● **How to complete this task**: Please restate all of the records word for word, setting the pictures aside.

___ Entries provided ___

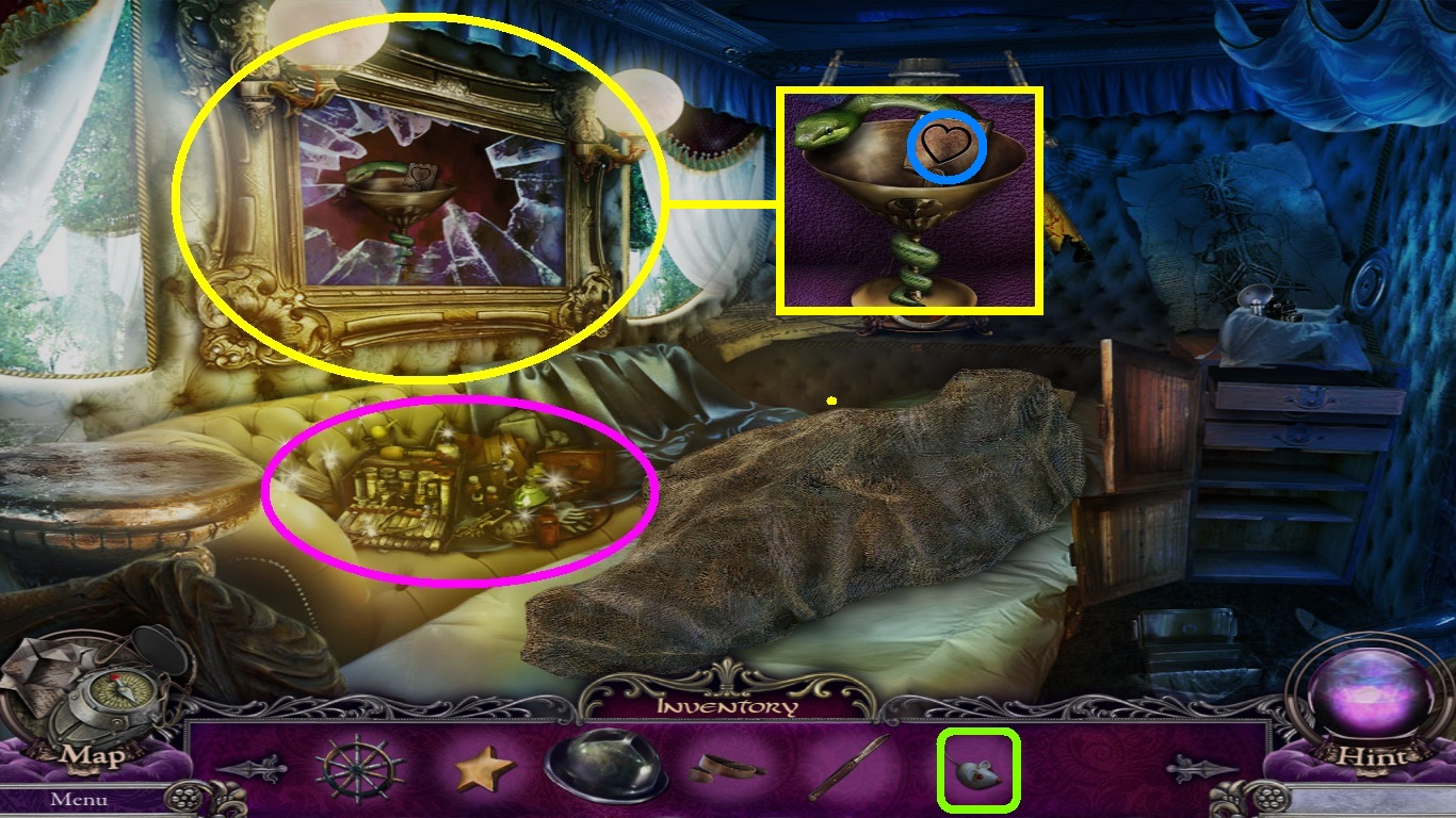- Pick the mirror shard (yellow square) from the inventory; use it to cut the necklace and take the pearl (as shown in the blue square).
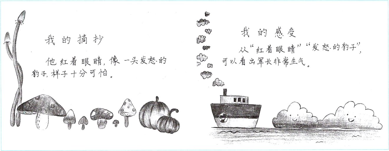 5. 读教科书第61、62页"阅读链接",摘抄描写人物动作、语言、神态的句子,并谈谈感受。
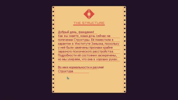 Вот мы и играем за одного из таких сканеров. Стал он таким не от хорошей жизни — это фактически единственный способ продвинуться по иерархической лестнице и получить доступ в закрытый Институт зиньока, где удерживают его дочку и, кажется, проводят над ней эксперименты. Через какое-то время с ним, естественно, связываются местные революционеры, призывающие бороться со Структурой. В свою очередь, наши работодатели настоятельно просят сообщать о таких контактах. Дальнейший расклад, думаю, очевиден…
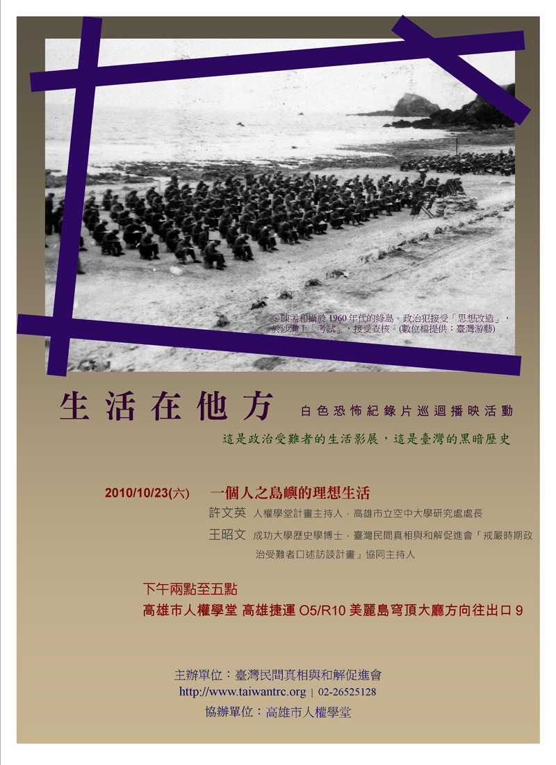 10/23:白色恐怖紀錄片巡迴播放活動--一個人之島嶼的理想生活 |
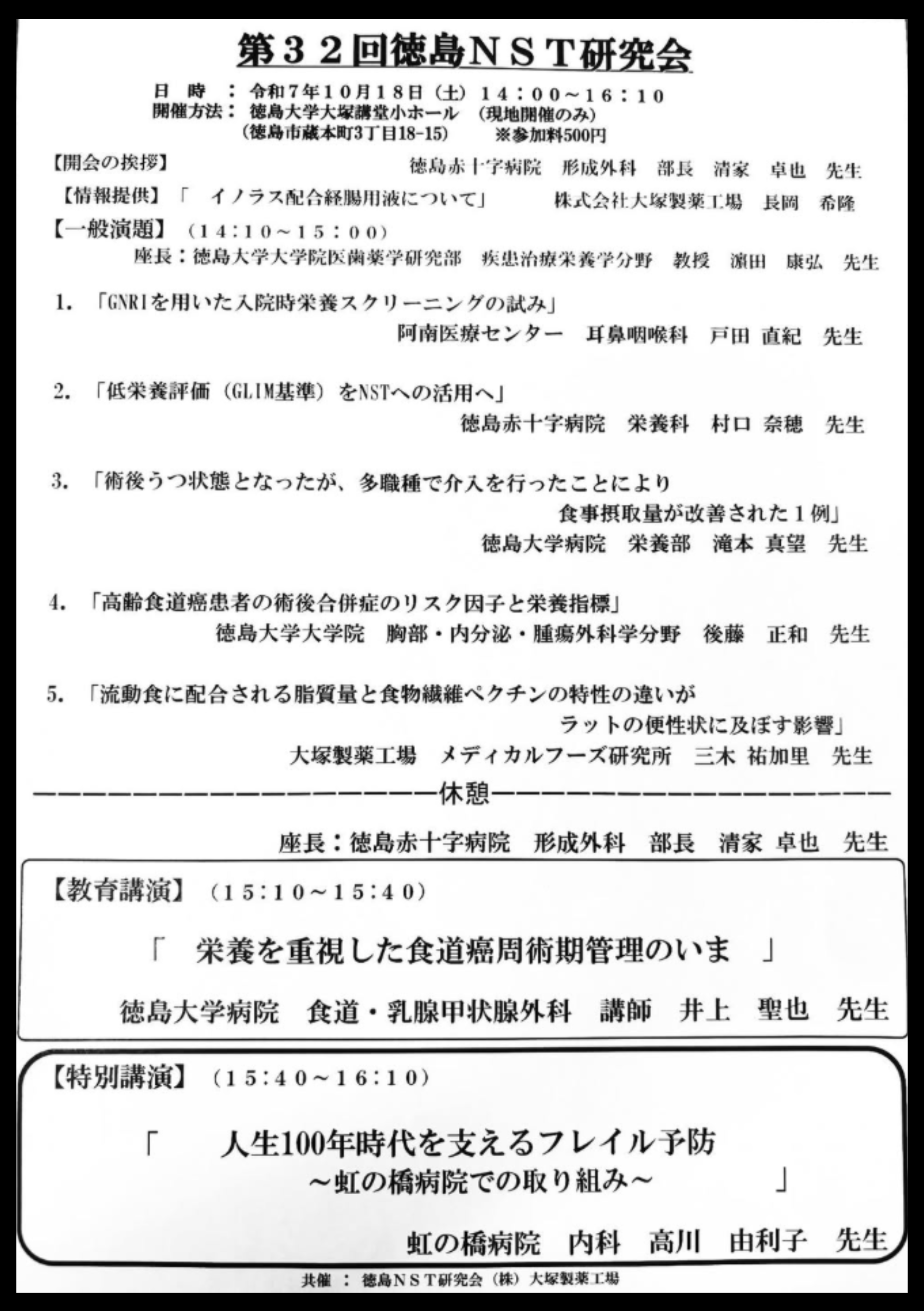 令和7年10月18日開催された第32回徳島NST研究会に医師・高川由利子が特別講演として参加いたしました。

___

● **Reply**:
- Pick the mirror shard (yellow square) from the inventory; use it to cut the necklace and take the pearl (as shown in the blue square).
 5. 读教科书第61、62页"阅读链接",摘抄描写人物动作、语言、神态的句子,并谈谈感受。
 Вот мы и играем за одного из таких сканеров. Стал он таким не от хорошей жизни — это фактически единственный способ продвинуться по иерархической лестнице и получить доступ в закрытый Институт зиньока, где удерживают его дочку и, кажется, проводят над ней эксперименты. Через какое-то время с ним, естественно, связываются местные революционеры, призывающие бороться со Структурой. В свою очередь, наши работодатели настоятельно просят сообщать о таких контактах. Дальнейший расклад, думаю, очевиден…
 10/23:白色恐怖紀錄片巡迴播放活動--一個人之島嶼的理想生活 |
 令和7年10月18日開催された第32回徳島NST研究会に医師・高川由利子が特別講演として参加いたしました。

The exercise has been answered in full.